Domestic team information
- 1929: Oxford University

Career statistics
| Competition | First-class |
| Matches | 8 |
| Runs scored | 490 |
| Batting average | 40.83 |
| 100s/50s | 1/3 |
| Top score | 106 |
| Balls bowled | 513 |
| Wickets | 4 |
| Bowling average | 60.50 |
| 5 wickets in innings | – |
| 10 wickets in match | – |
| Best bowling | 2/32 |
| Catches/stumpings | 2/– |
- Source: Cricinfo, 2 February 2020

= Patrick Brett =

English cricketer (1910–1982)

Patrick John Brett (18 April 1910 – 9 December 1982) was an English first-class cricketer.

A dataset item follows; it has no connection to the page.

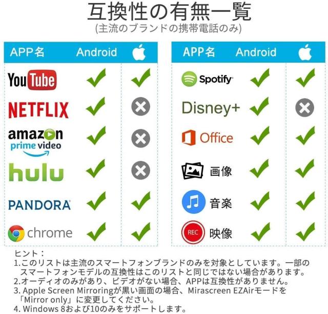 ※ご購入する前に必ずミラーリングとの互換性の有無一覧表を必ずご確認ください。

Brett was born in South Africa at Johannesburg in April 1910. He was educated in England at Winchester College, before going up to Trinity College, Oxford. While studying at Oxford, he played first-class cricket on eight occasions for Oxford University in 1929. He was used largely by Oxford as an opening bowler, with his right-arm medium-fast capable of swinging both ways and coming off the pitch quickly. It was however as a batsman that Brett impressed, scoring 490 runs in his eight matches at an average of 40.83. He made one century score, with 106 against H. D. G. Leveson Gower's XI at Eastbourne. Featuring in a strong Oxford side that contained the likes of Ian Akers-Douglas, Neville Ford and the Nawab of Pataudi, his place was in constant doubt until his century seemingly cemented his place in the Oxford side for 1930. However, he was seriously injured in a car accident before the 1930 season and played no further first-class cricket. Brett died in December 1982 at Hook Heath, Surrey. His brother-in-law, James Guise, was also a first-class cricketer.